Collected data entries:
*-*-*
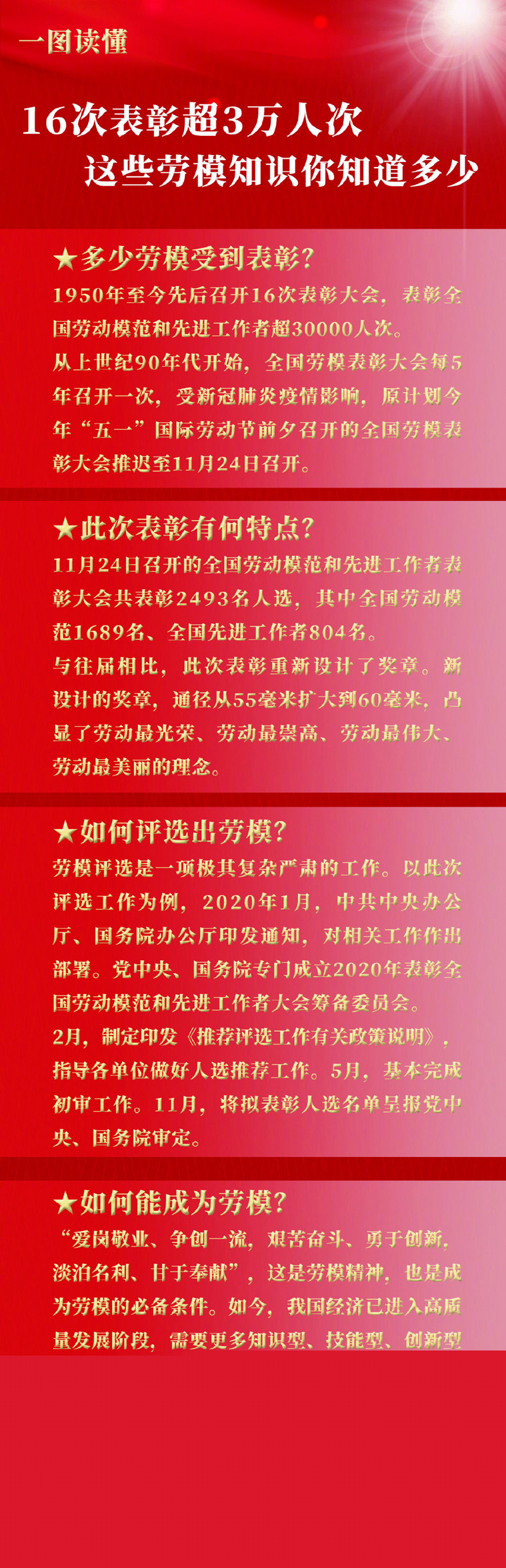 24日,1689名全國勞動模范和804名全國先進工作者在人民大會堂受到表彰,代表全體勞動者接受黨和國家的最高禮贊。新中國成立以來表彰了多少勞模?勞模是怎樣評選出來的?如何才能成為勞模?戳圖了解↓ ?????
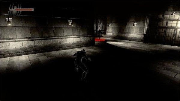 7、最后我们使用过去的蜘蛛侠,潜入型的。一开始按照提示按B暗“杀”第一个敌人,然后按十字键上键找到碎片位置,然后可以自由行动了。从阴影里行动,只要背对我们的敌人就可以按B暗杀。
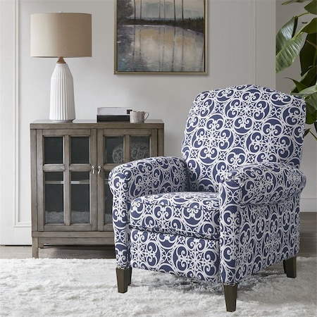 - Design - The Madison Park Kirby pushback recliner is upholstered in navy fretwork pattern, and features high camel back and rolled arms for chic home décor. Just push back with body weight to fully recline up to 22"
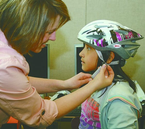 A new bicycle helmet is fitted for Mercedez Navarro by Michelle Werner of The State Bank of Toledo. She was one of all Meskwaki Settlement School 3rd grade students who received new helmets on Tuesday, May 6, courtesy of area institutions and businesses including Grinnell Regional Medical ...
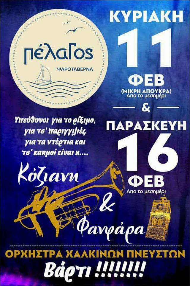 Γλέντι με χάλκινα στην ψαροταβέρνα Πέλαγος στην Κοζάνη, την Κυριακή 11 Φεβρουαρίου & την Παρασκευή 16 Φεβρουαρίου .
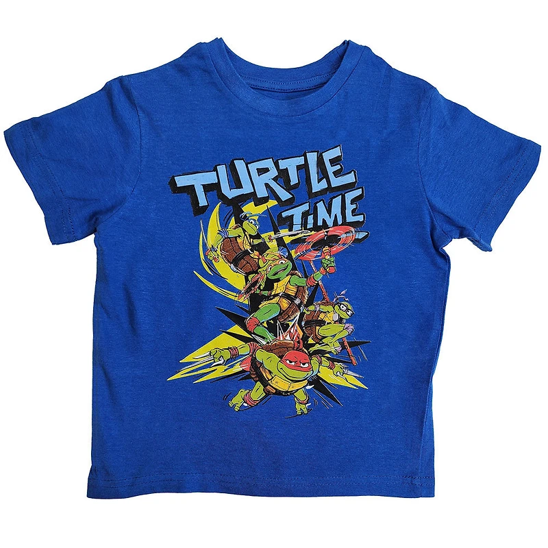 T-shirt à manches courtes TMNT avec sérigraphie sur le devant.Lavage en machine à l'eau froide. Jersey 60 % coton/ 40 % polyester
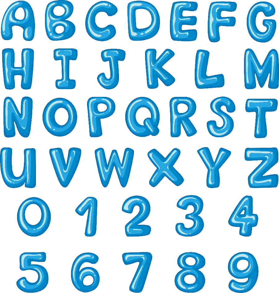عکس الفبای انگلیسی و اعداد انگلیسی PNG حباب صابون
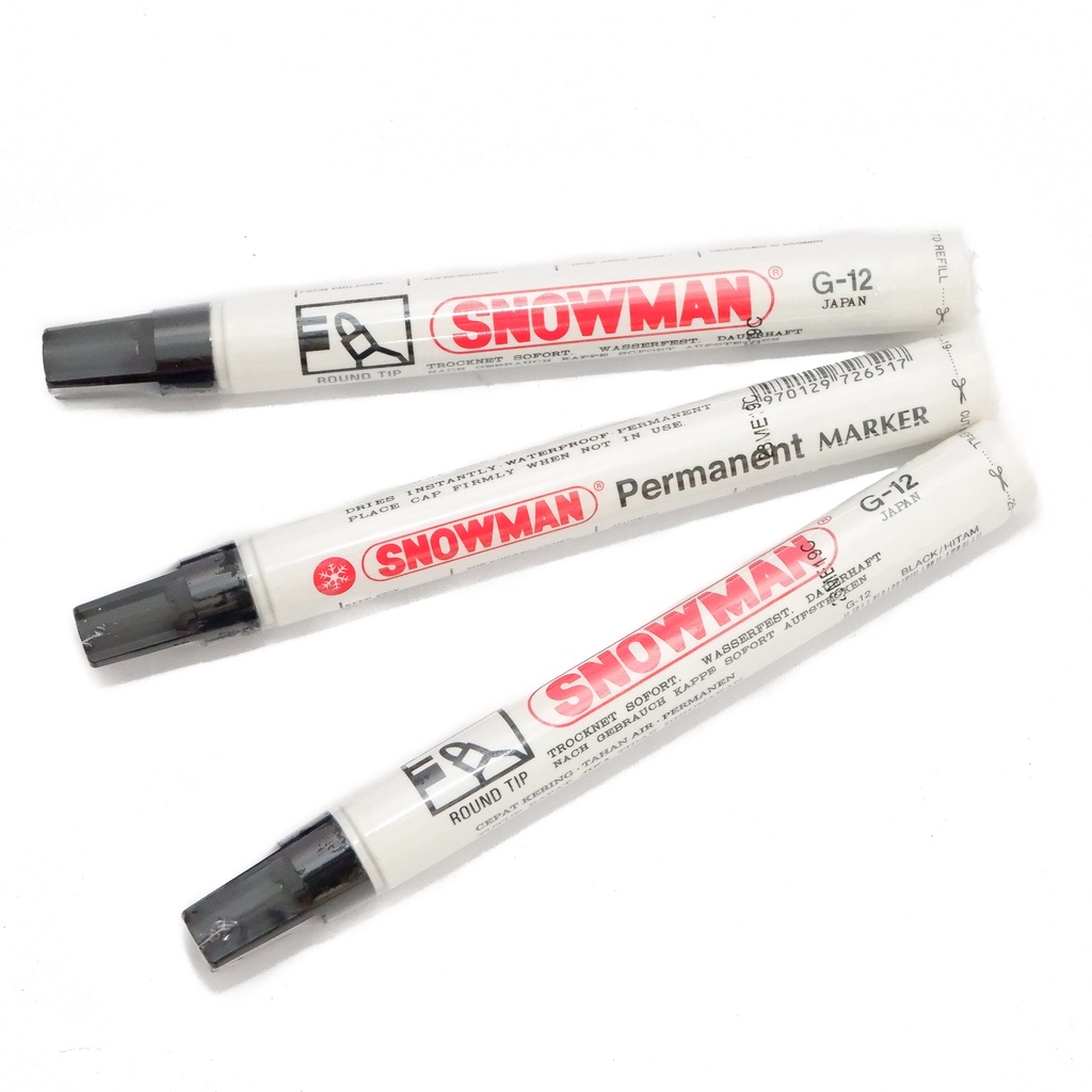 1 LUSIN Spidol Permanen Besar Snowman G12 Hitam Merah Biru Waterproof - 1 Pack Isi 12 Buah
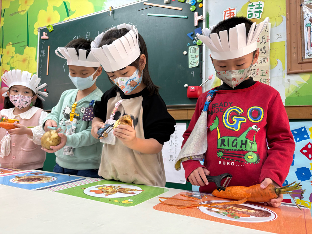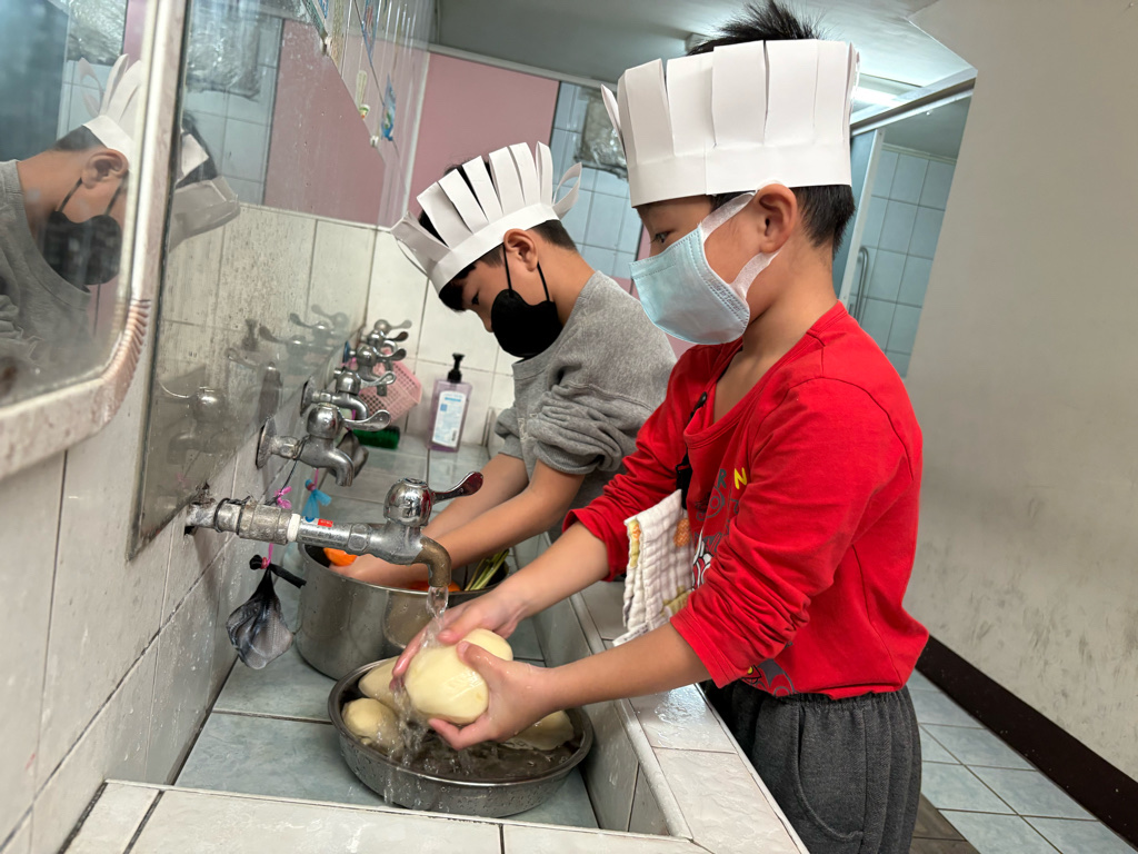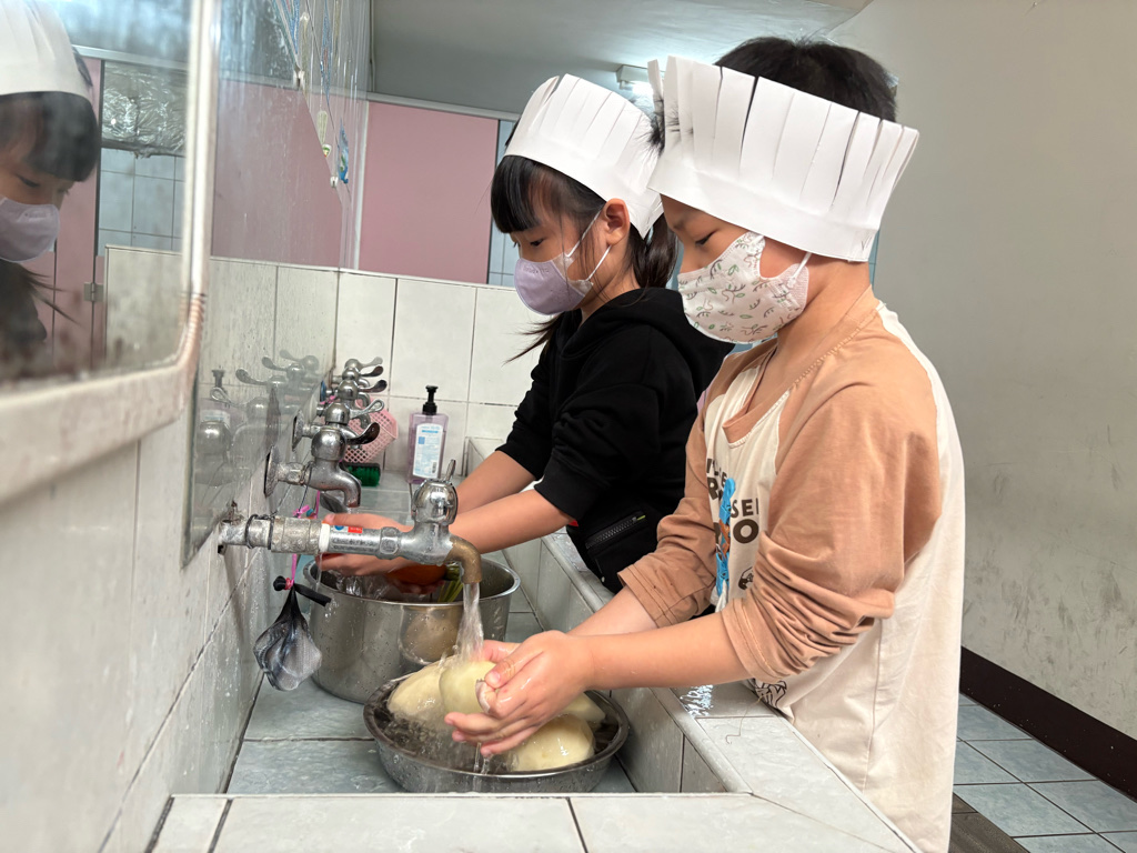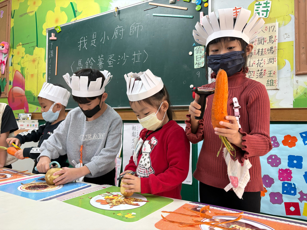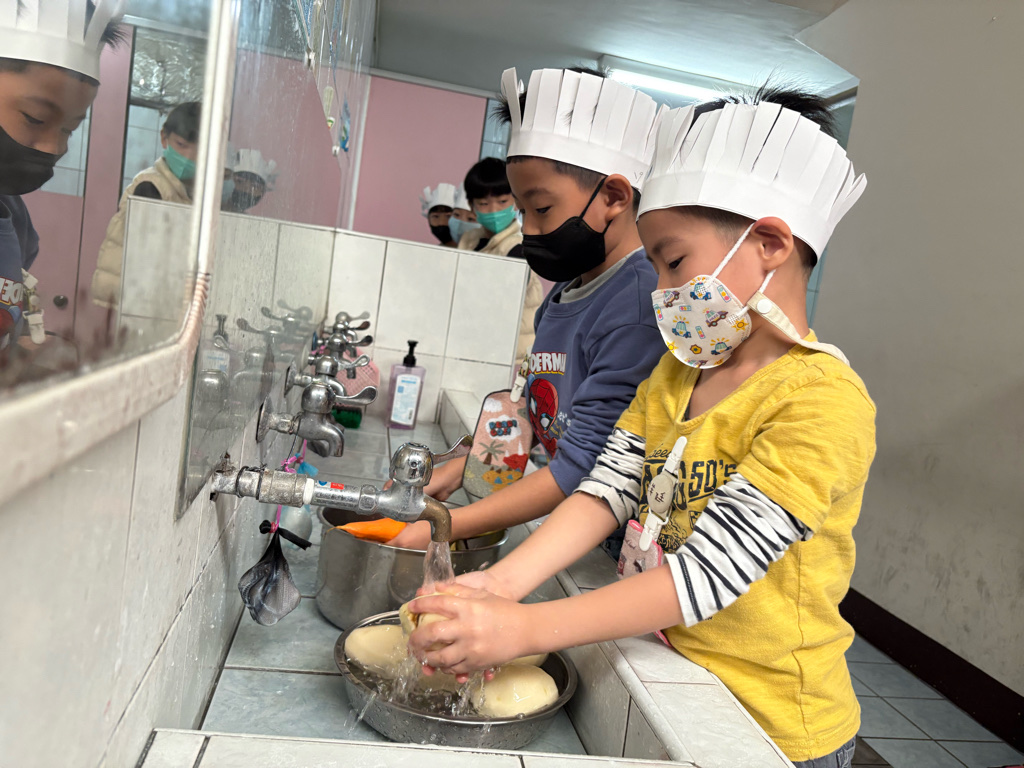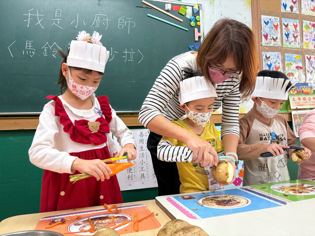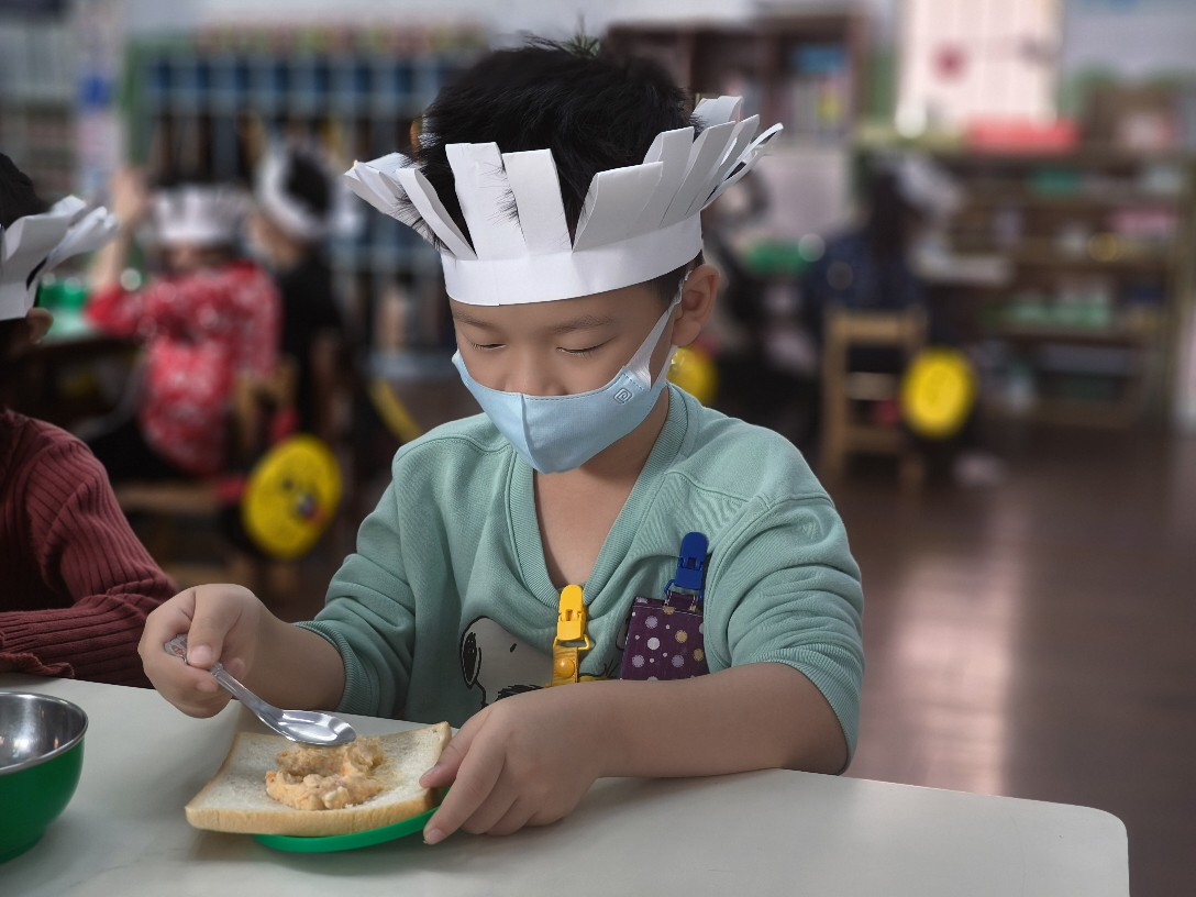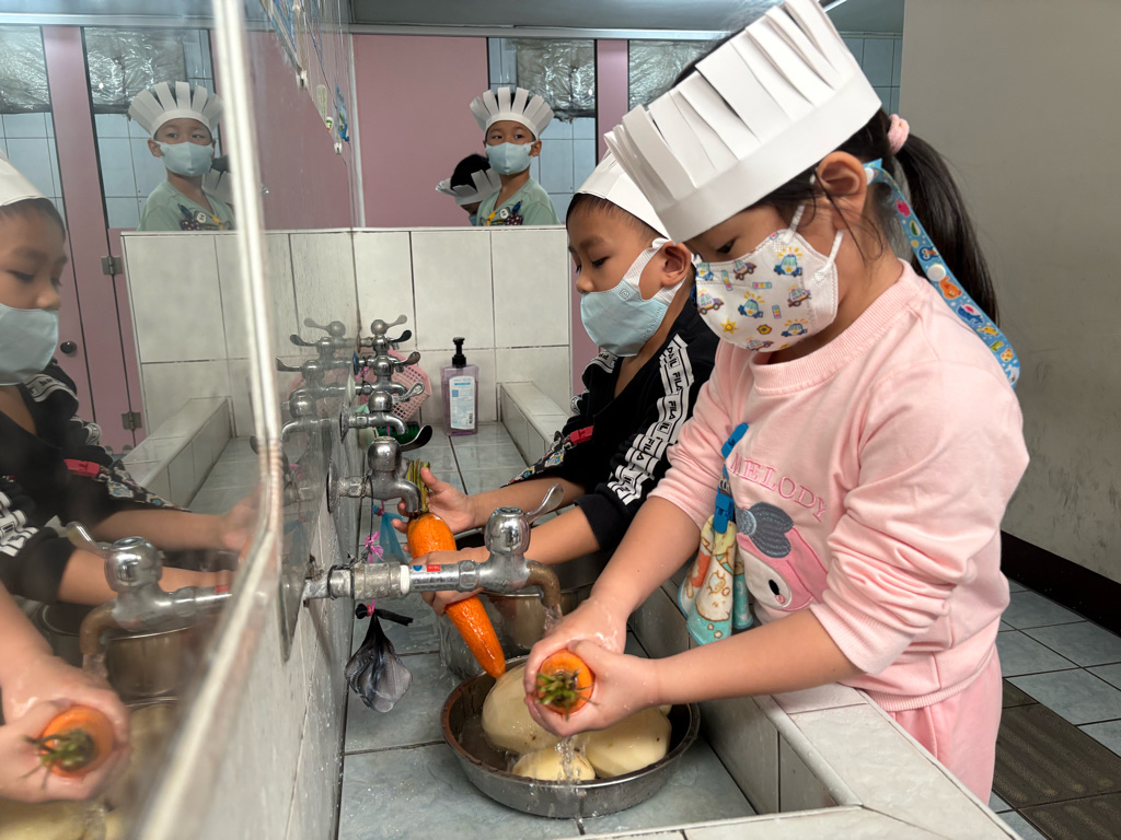 小廚師當然要有廚師帽囉!為了今天的主題活動我們製作了帽子、然後體驗清洗、削皮、切塊、烹煮、壓泥、調味、抹醬夾吐司、再來品嚐好吃😋的薯泥蛋沙拉嗯~太美味了😋
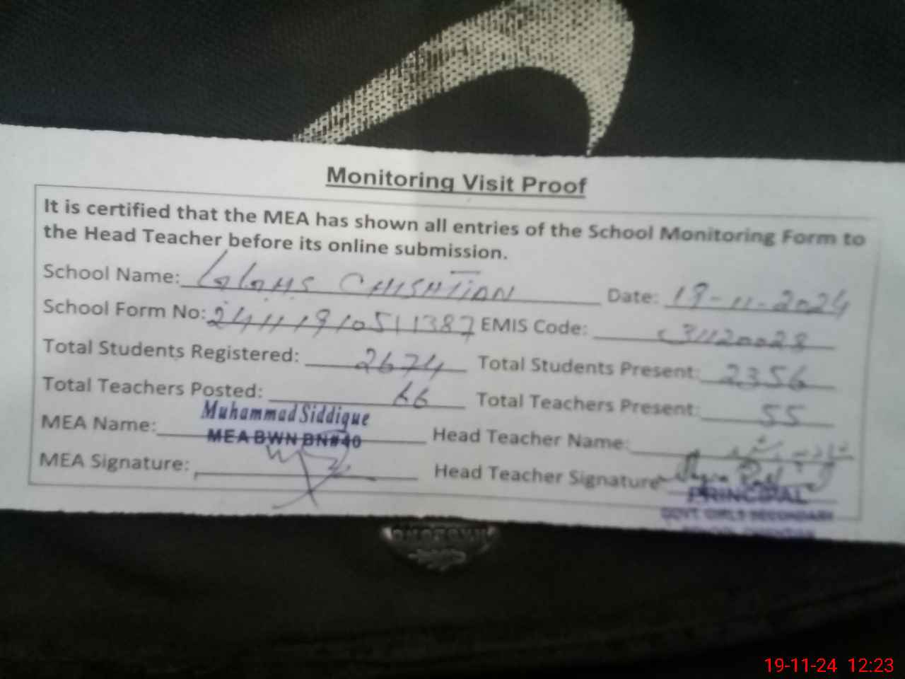 | EMIS Code: 31120028 | Name of School: GGHS CHISHTIAN | |||
*-*-*
What the task requires: With the pictures left out, restate word for word every line of the data above, from the first down to the line that contains "小廚師當然要有廚師帽囉!為了".

Response below:
 24日,1689名全國勞動模范和804名全國先進工作者在人民大會堂受到表彰,代表全體勞動者接受黨和國家的最高禮贊。新中國成立以來表彰了多少勞模?勞模是怎樣評選出來的?如何才能成為勞模?戳圖了解↓ ?????
 7、最后我们使用过去的蜘蛛侠,潜入型的。一开始按照提示按B暗“杀”第一个敌人,然后按十字键上键找到碎片位置,然后可以自由行动了。从阴影里行动,只要背对我们的敌人就可以按B暗杀。
 - Design - The Madison Park Kirby pushback recliner is upholstered in navy fretwork pattern, and features high camel back and rolled arms for chic home décor. Just push back with body weight to fully recline up to 22"
 A new bicycle helmet is fitted for Mercedez Navarro by Michelle Werner of The State Bank of Toledo. She was one of all Meskwaki Settlement School 3rd grade students who received new helmets on Tuesday, May 6, courtesy of area institutions and businesses including Grinnell Regional Medical ...
 Γλέντι με χάλκινα στην ψαροταβέρνα Πέλαγος στην Κοζάνη, την Κυριακή 11 Φεβρουαρίου & την Παρασκευή 16 Φεβρουαρίου .
 T-shirt à manches courtes TMNT avec sérigraphie sur le devant.Lavage en machine à l'eau froide. Jersey 60 % coton/ 40 % polyester
عکس الفبای انگلیسی و اعداد انگلیسی PNG حباب صابون
 1 LUSIN Spidol Permanen Besar Snowman G12 Hitam Merah Biru Waterproof - 1 Pack Isi 12 Buah
 小廚師當然要有廚師帽囉!為了今天的主題活動我們製作了帽子、然後體驗清洗、削皮、切塊、烹煮、壓泥、調味、抹醬夾吐司、再來品嚐好吃😋的薯泥蛋沙拉嗯~太美味了😋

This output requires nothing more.